Mais un western à la française soumis à la plume vacharde et inspirée de Michel Audiard, ça ne peut pas être qu’un récit d’aventures épiques. Loin de là !

De fait, en arrière-plan,  les dromadaires, avantageusement, remplacent  les bisons, les danses marocaines les sauteries peaux-rouges et les aridités du Sud marocain n’ont rien à envier à celles de la Vallée de la mort. Seulement dans ce qui pourrait n’être qu’un petit film d’aventures au scénario assez banal (et dont, au final, on se préoccupe assez peu) finit par devenir une réalisation presque mythique du cinéma français. J’entends par là que, descendu en flammes par la critique hurlante, il connut un très grand succès public et que peu de choses lui ont manqué pour devenir une œuvre culte à la manière des Tontons flingueurs.

Western à la française, malgré le désert, les embûches du chemin, les poursuites acharnées et la duperie finale, ce n’est tout de même pas vraiment ça. Parce que, en plus des ingrédients habituels, il y a quelque chose qu’on ne voit pas dans les productions étasuniennes (mais qui, en revanche, va prendre toute sa place dans les films de genre italiens) : l’humour. L’humour et, davantage encore, l’esprit de sarcasme, hautement symbolisé par la survenue récurrente de Mitch-Mitch (Bernard Blier), somptueusement goguenard, sorte de personnage irréel à la Jiminy Cricket dont le ressort n’est pas l’admonestation morale, mais le quolibet vachard…
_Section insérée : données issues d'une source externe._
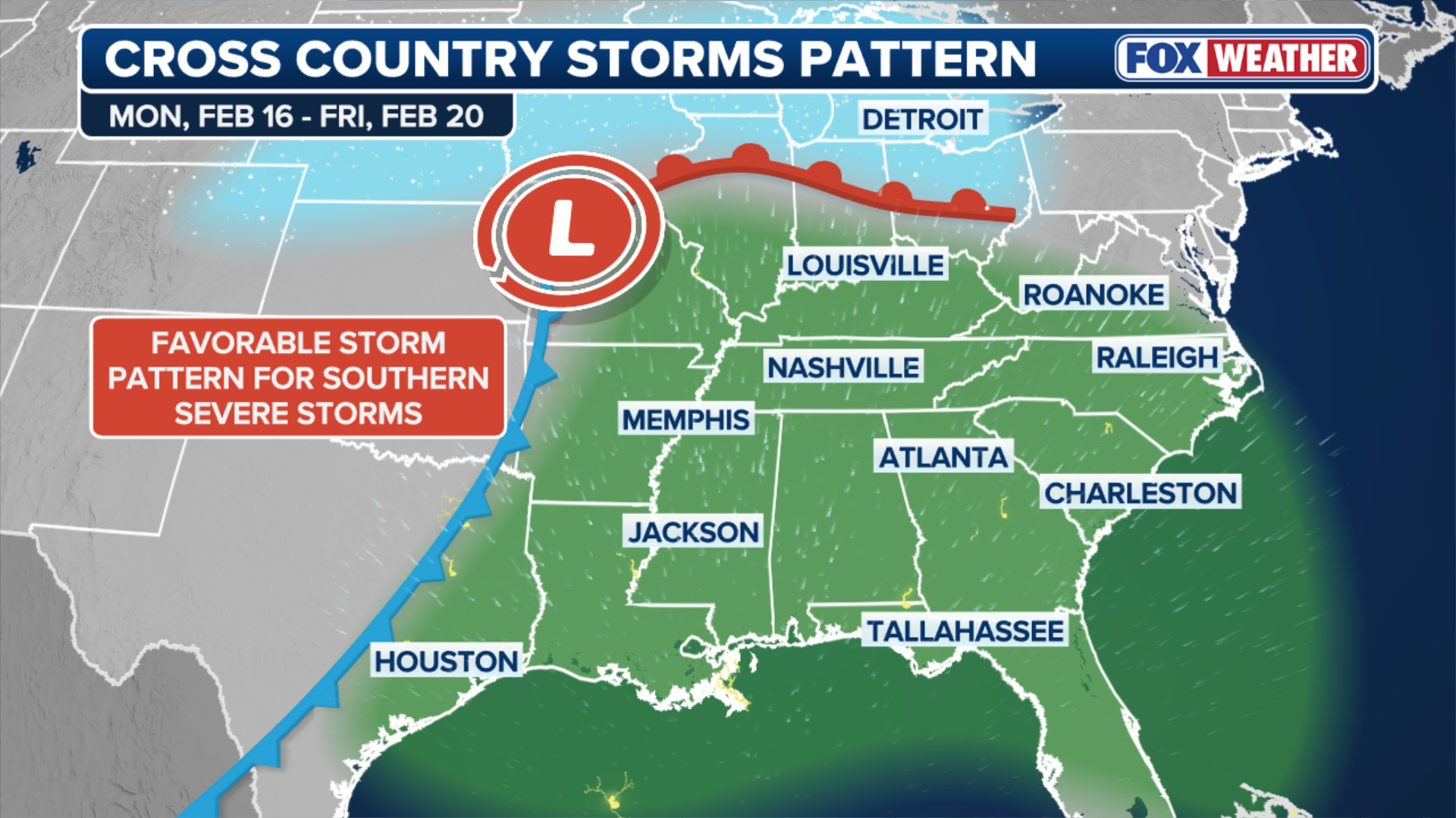An area of high pressure in the Southeast will promote warmer air and instability, resulting in stronger thunderstorms.

Au fait, est ce qu’on pourrait tourner encore aujourd’hui un pareil film d’hommes ? La ravissante Andréa Parisy n’est là que pour les exigences de l’intrigue et pour que Pépa gruge tout le monde ; quant à la gentille nymphomane Angèle (Anne-Marie Coffinet), elle n’est qu’une figurine du paysage. Paysage peu concevable de notre temps où les ukases du politiquement correct pèseraient sur ce qui serait analysé comme macho, sexiste, raciste, homophobe, xénophobe, alcoolisé ; en un mot anar de droite et Audiardien.

C’est vrai, les 17 ans que j’avais à la sortie du film ne se sont pas offusqués que les femmes (Pépa et Angèle) soient présentées soit comme des garces, soit comme des gourdes ; que les indigènes marocains soient encore impressionnés par les Européens et filent droit quand ceux-ci élèvent la voix ; que la fallacieuse liaison tendre prêtée par Rocco (Jean-Paul Belmondo) à ses poursuivants, Marec (Lino Ventura) et Steiner (Reginald Kernan) déclenche les gloussements de la foule et la fureur des accusés ; que l’un des protagonistes fasse, d’ailleurs, la remarque que Steiner, c’est tout de même pas du franchouillard garanti pur sucre ; que les bouteilles soient vidées et les cigarillos fumés au grand mépris des recommandations de l’OMS…

Tout ceci faisait partie du décor, qui n’était pas bien méchant, un peu bête sans doute, mais qui permettait de drôlement colorer le monde.

On ne va pas se plaindre que la Morale (avec un M majuscule) l’ait emporté, mais on souhaite à nos descendants de s’amuser autant que nous.

Et ce n’est pas gagné.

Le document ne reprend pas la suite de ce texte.